То была новейшая, националистическая форма немецкой отчужденности от мира, немецкой далекости от общемировых вопросов, глубокомысленной отрешенности от всемирного бытия; в прежние времена все это, в сочетании со своеобразным обывательским универсализмом, так сказать, космополитизмом в ночном колпаке, характеризовало душевный строй немца. Этому душевному строю, этой отчужденной от внешнего мира провинциальной немецкой космополитичности было всегда свойственно нечто призрачно-шутовское и загадочно-жуткое, какой-то потаенный демонизм, и в силу своего происхождения я особенно явственно ощущал это.
[…] Не знаю, почему именно сейчас и здесь мне пришли на ум эти воспоминания начальной поры моей жизни. Быть может, это происходит потому, что Германия предстала моему духовному и физическому взору первоначально в образе этого диковинно-почтенного города, и мне важно дать вам почувствовать таинственную связь немецкого национального характера с демонизмом, – связь, которую я познал в результате собственного внутреннего опыта, но о которой нелегко рассказать. В величайшем творении нашей литературы, «Фаусте» Гёте, выведен героем человек средневековья, стоящий в преддверии гуманизма, – богоподобный человек, который из дерзновенного стремления все познать предается магии, черту. Где высокомерие интеллекта сочетается с душевной косностью и несвободой, там появляется черт.

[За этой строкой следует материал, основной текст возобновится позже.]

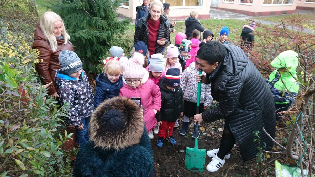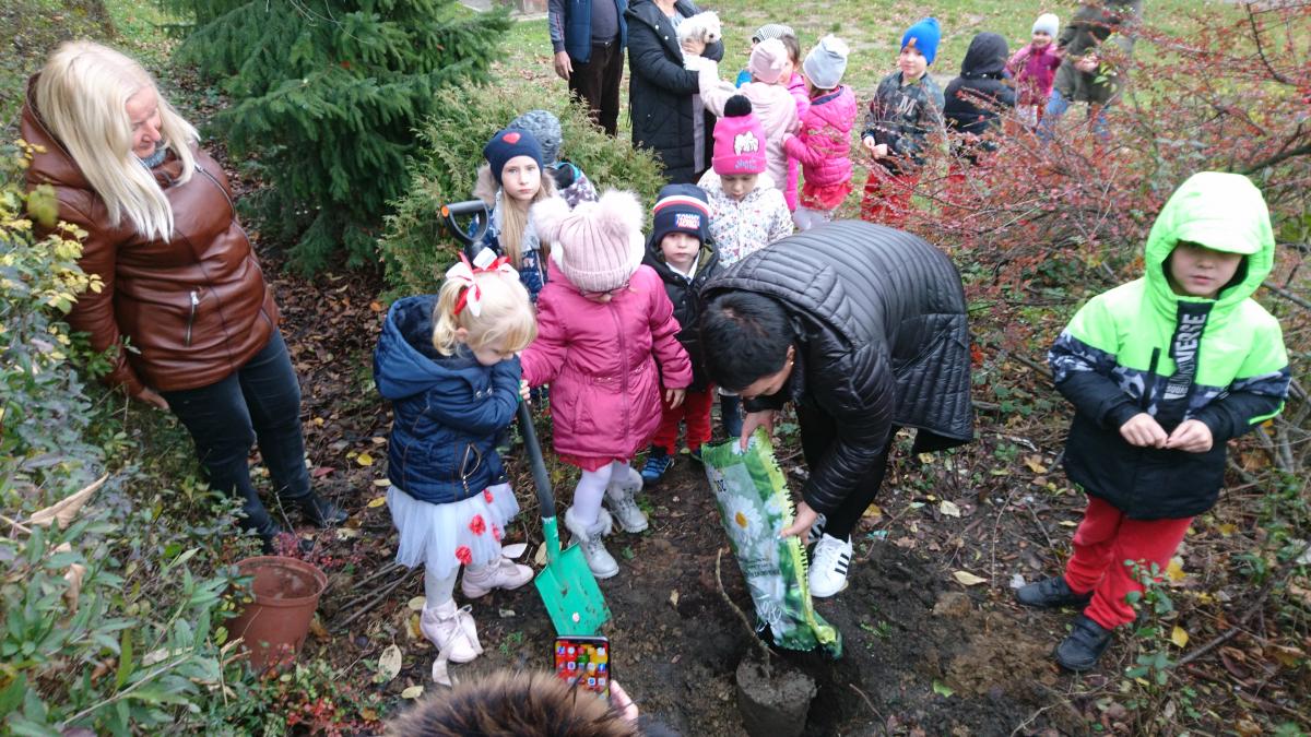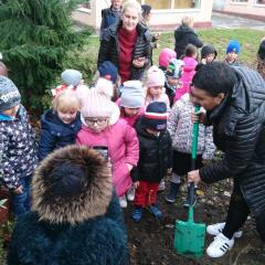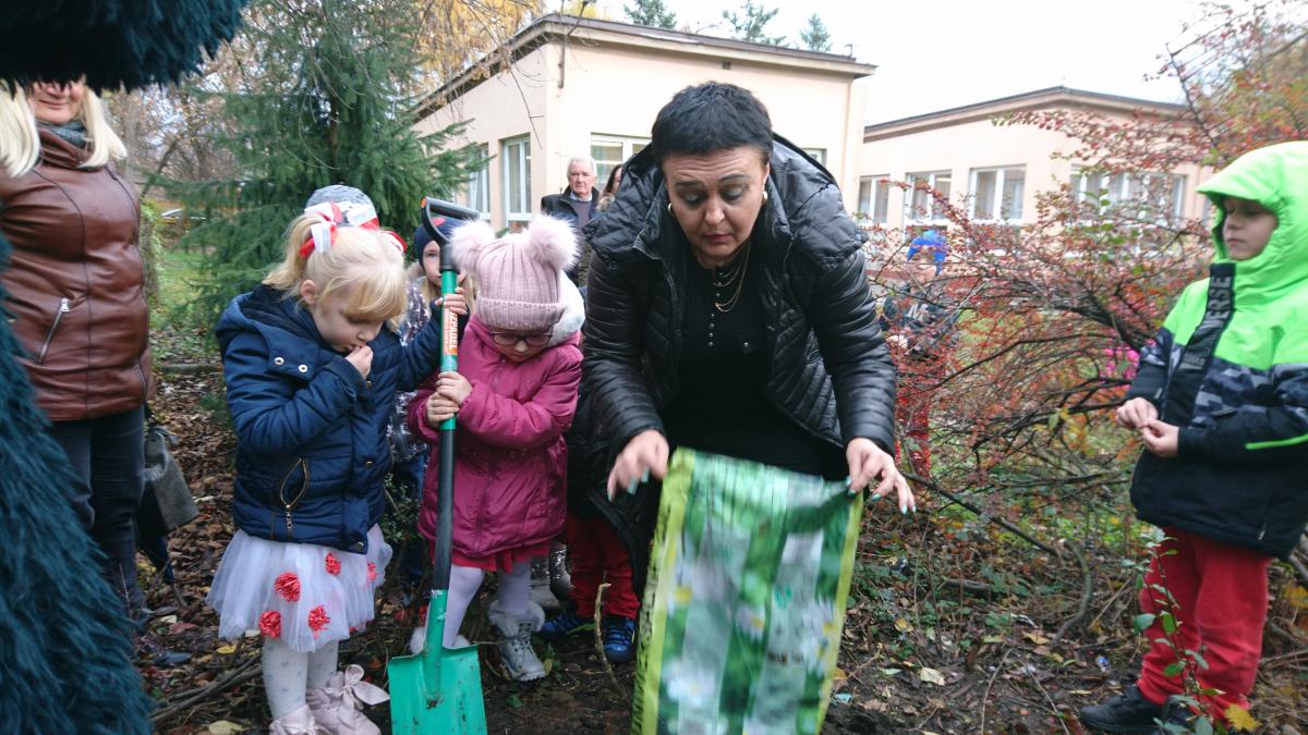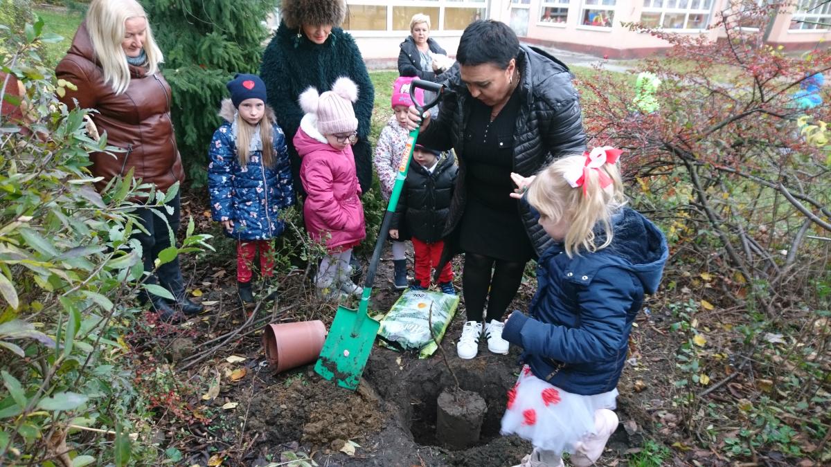 W naszym ogrodzie przedszkolnym posadziliśmy dzisiaj Paulovni cotevisa, pozyskane w ramach współpracy z Ligą Ochrony Przyrody w Kielcach. Tym samym przystąpiliśmy do udziału w projekcie "Robimy tlen dla Kielc"

Поэтому черт – черт Лютера, черт «Фауста» – представляется мне в высшей степени немецким персонажем, а договор с ним, прозакладывание души черту, отказ от спасения души во имя того, чтобы на известный срок владеть всеми сокровищами, всею властью мира, – подобный договор, как мне кажется, весьма соблазнителен для немца в силу самой его натуры. Одинокий мыслитель и естествоиспытатель, келейный богослов и философ, который, желая насладиться всем миром и овладеть им, прозакладывает душу черту, – разве сейчас не подходящий момент взглянуть на Германию именно в этом аспекте – сейчас, когда черт буквально уносит ее душу?
Легенда и поэма не связывают Фауста с музыкой, и это существенная ошибка. Он должен быть музыкальным, быть музыкантом. Музыка – область демонического; Серен Кьеркегор, выдающийся христианский мыслитель, убедительнейшим образом доказал это в своей болезненнострастной статье о «Дон Жуане» Моцарта. Музыка – это христианское искусство с отрицательным знаком. Она точнейше расчисленный порядок – и хаос иррациональной первозданности в одно и то же время; в ее арсенале заклинающие, логически непостижимые звуковые образы – и магия чисел, она самое далекое от реальности и, в то же время – самое страстное искусство, абстрактное и мистическое. Если Фауст хочет быть воплощением немецкой души, он должен быть музыкален. Ибо отношение немца к миру абстрактно, то есть музыкально, это отношение педантичного профессора, опаленного дыханием преисподней, неловкого и при этом исполненного гордой уверенности в том, что «глубиною» он превосходит мир.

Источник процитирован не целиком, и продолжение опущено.